The Virgin's Daughter (Tudor Legacy #1)(109)
Most unusually, Kit did not immediately respond. Anabel was used to his ready tongue and the quick wits that could spin any conversation a dozen dizzying directions without warning. But in the last months, his irritability had been accompanied by these bouts of reflection before speech.
Kit did not apologize; she had not expected him to. But he offered something of an explanation. “I am growing older, just as you are. I do not have a throne waiting for me, nor even a title. Stephen inherits my father’s riches. I must make my own path. And I would prefer to do it without undue favoritism.”
“And what of due favoritism? Do you expect me to appoint strangers to serve in my household?”
“I am not insensible of the great honour, Your Highness. But I have made other plans. The Earl of Leicester is bound for Dublin and has appointed me his secretary. I leave for Ireland in two weeks.”
“You’re going to Ireland with Brandon Dudley? To be a secretary?” Anabel laughed in disbelief. “Why not at least go as part of Stephen’s forces?”
“If I’m not going to accept your favours, Anabel, I’m hardly likely to go begging to my brother.”
That at least sounded like the Kit she had always known—irreverent and occasionally insolent. Although Anabel was as close to the Courtenay children as anyone, the princess occasionally studied relationships as an outsider and wondered if the pleasures of siblings outweighed the resentments.

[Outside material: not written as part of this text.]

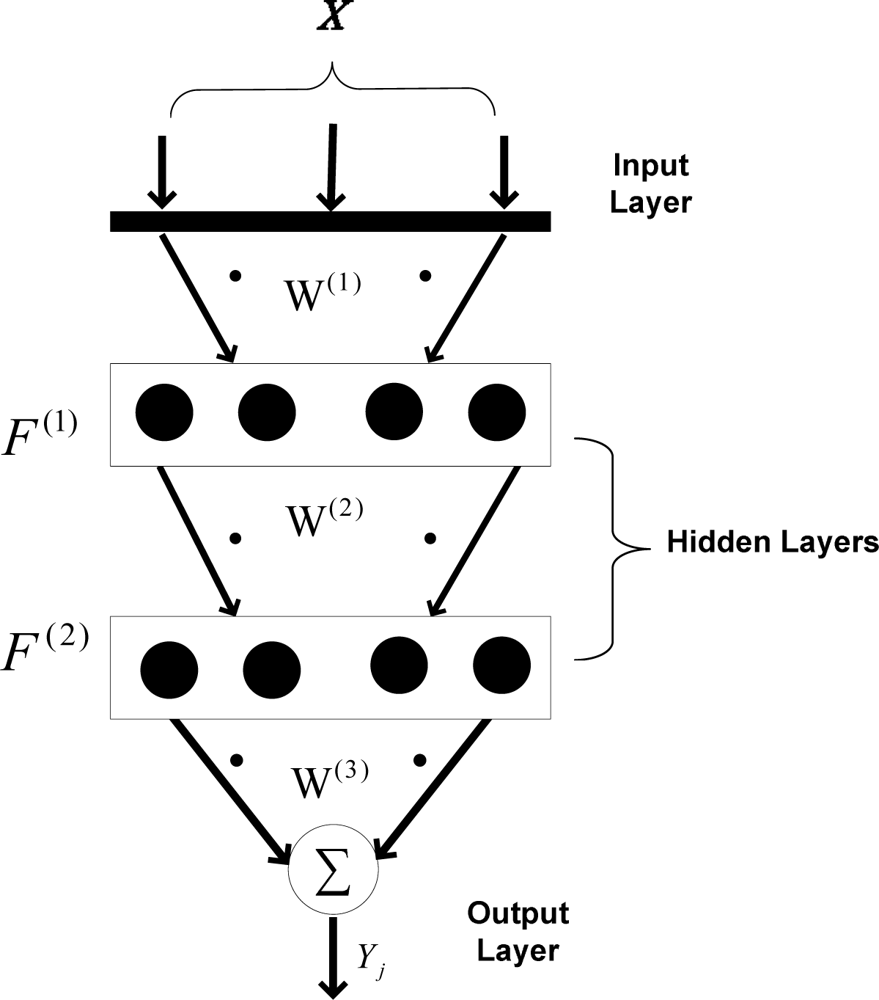 denotes the weights between the first and second hidden layers.

“I don’t suppose there’s any chance you would reconsider?” There was a wistfulness to her plea she had not expected.
His quick, rueful grin was answer in itself. “You’ll be happier with someone more biddable, Your Highness. You and I should only spend our days arguing.”
But those are the best parts of my days, Anabel thought forlornly. Arguing with you.
She was still fretting about his uncharacteristic refusal that night when Pippa helped her change for bed. There were two other ladies moving silently about with her gown and kirtle and ruff, but Anabel ignored them.
“What is wrong with Kit?” she demanded of his twin.
Pippa continued to brush Anabel’s hair as she answered. “Kit told you the truth. For all his mischief, he is ambitious and proud. Is it truly a surprise he should wish to make his way independently?”
Pippa had her twin’s sharp cheekbones and eyes that tilted up on the outside. They both had their mother’s thick, wavy hair the colour of sun-warmed honey, but Pippa had a streak of black that framed the right side of her face. It made her look—not exotic, exactly—but otherworldly. It was not the only otherworldly aspect to her character.
But at the moment Pippa did not seem interested in sharing any of her unique knowledge, so Anabel contented herself with logical argument. “Being Master of Horse for the Princess of Wales would be an independent position. I don’t mean to tell him how to perform his responsibilities.”
“Kit does not wish to take your gifts.”
“Because he does not wish to waste time in my company?”
Pippa laid down the brush and, when Anabel made no objection, pulled a stool alongside her friend. Her voice was kind but implacable. “You know better than that. Anabel, what is truly bothering you?”
Your damned twin with his arrogance and pride and sudden wish to cut himself off from me. Kit was hers, as much as Pippa. What was the point of being royal if one could not keep hold of the people one wanted?
But not even to Pippa was she prepared to share the full turmoil of her thoughts, because beneath them lurked something that frightened her. An image—a memory—that came to her at night as she drifted between waking and sleep.
The expression in Kit’s eyes when he’d walked into Wynfield Mote a year ago to negotiate her out of the hands of a violent man.
Anabel had not seen that expression in the months since. Instead, Kit had been moody and unpredictable. And now he seemed so determined to get away from her that he was willing to go to godforsaken Ireland.
When it must have become clear that Anabel would not speak further, Pippa sighed. “Someday you will have to learn to trust yourself, Your Highness. I cannot do it for you.”
30 June 1581
Dearest Lucie,
When you traveled to France last year, I teased you about coming home with a Frenchman. Or half-teased. I did not know—I never know—for certain how events would play out. I knew there was danger and pain and loss all tied together with your happiness…but is that not the nature of life itself? One cannot untangle only the parts one wants. They are woven together too tightly.
How do I tell Anabel that? She is not prepared to admit, even to herself, that she knows perfectly well why Kit is leaving England. Having had the shock of confronting his own feelings for her so suddenly last August, Kit cannot go on taking her favours as nothing more than the friend he has always been. But nor will he press on her a love she is not prepared to accept. To serve in her household would be a daily insult to his pride, especially with the looming visits of the French and Scots representatives coming to vie for her hand. Kit knows perfectly well that Anabel is not meant for him.
What do I know? Only a tangle of paths and choices and troubles that lie ahead. England’s future is no more secure than Elizabeth’s or her daughter’s. If I knew how it would all turn out, I would truly be the witch some might fear me of being.
But I am only a girl who knows more than I wish.